Помимо писания и чтения лекций, я приготовлял в этом году к печати очерки животного электричества.
1860 год памятен, я думаю, всякому, кто жил тогда в Петербурге. Все знали, что великий акт освобождения миллионов рабов вскоре совершится, и все трепетно ожидали его обнародования. С некоторых пор дышалось много свободнее, чем прежде; в литературе и в обществе зарождались новые запросы, новые требования от жизни; но в этом году общее настроение, как перед большим праздником, было напряженно-тихое, выжидательное, без всяких вспышек. Волна эта, конечно, коснулась и нас; но мы были новичками в городе, без связей с литературными кружками, и отпраздновали этот год, так сказать, семейно, в своем собственном маленьком кружке, радуясь свободным веяниям той эпохи и увлекаясь заманчивыми перспективами только что открывшегося перед нами поприща. Это было, конечно, очень счастливое время.

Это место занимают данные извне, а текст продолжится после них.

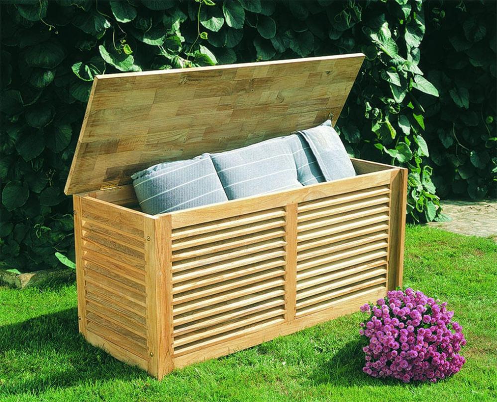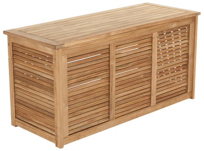 Papaya dynlåda är en praktisk och rymlig förvaringslåda i teak med nåtat lock. Lådan fyller sitt syfte med att förvara dina trädgårdsdynor, kuddar och trädgårdsredskap på uteplatsen. Tack vara lådans lock ger även Papaya en god avställningsyta. Dynboxen är elegant i kvalitativ teak med dekorativa linjer i svart på ovansidan. Teakribborna på sidorna har viss mellanrum vilket ger en god ventilation, men det kan samtidigt göra att fukt tränger sig in.

Летом 61-го года я оставался в Петербурге, жил на Выборгской, ходил в свою лабораторию и занимался между прочим вопросом, не содержат ли съедобные грибы ядовитых веществ. Мне приносили, по заказу, решета сыроежек, и я обрабатывал их следующим образом: варил мелко измельченными в воде, отцеживал слизистый отвар, освобождал его от слизи уксуснокислым свинцом и сероводородом и выпаривал раствор почти досуха. Из большого количества грибов получалось небольшое количество темно-бурой жидкости слабокислой реакции. Одной капли ее в спинной лимфатический мешок лягушки было достаточно, чтобы вызвать остановку сердца. Другими словами, я имел дело с открытым позднее в мухоморах мускарином, но не сумел получить это вещество из моих растворов. Предлагал заняться этим Воронину, но тот почему-то отказался.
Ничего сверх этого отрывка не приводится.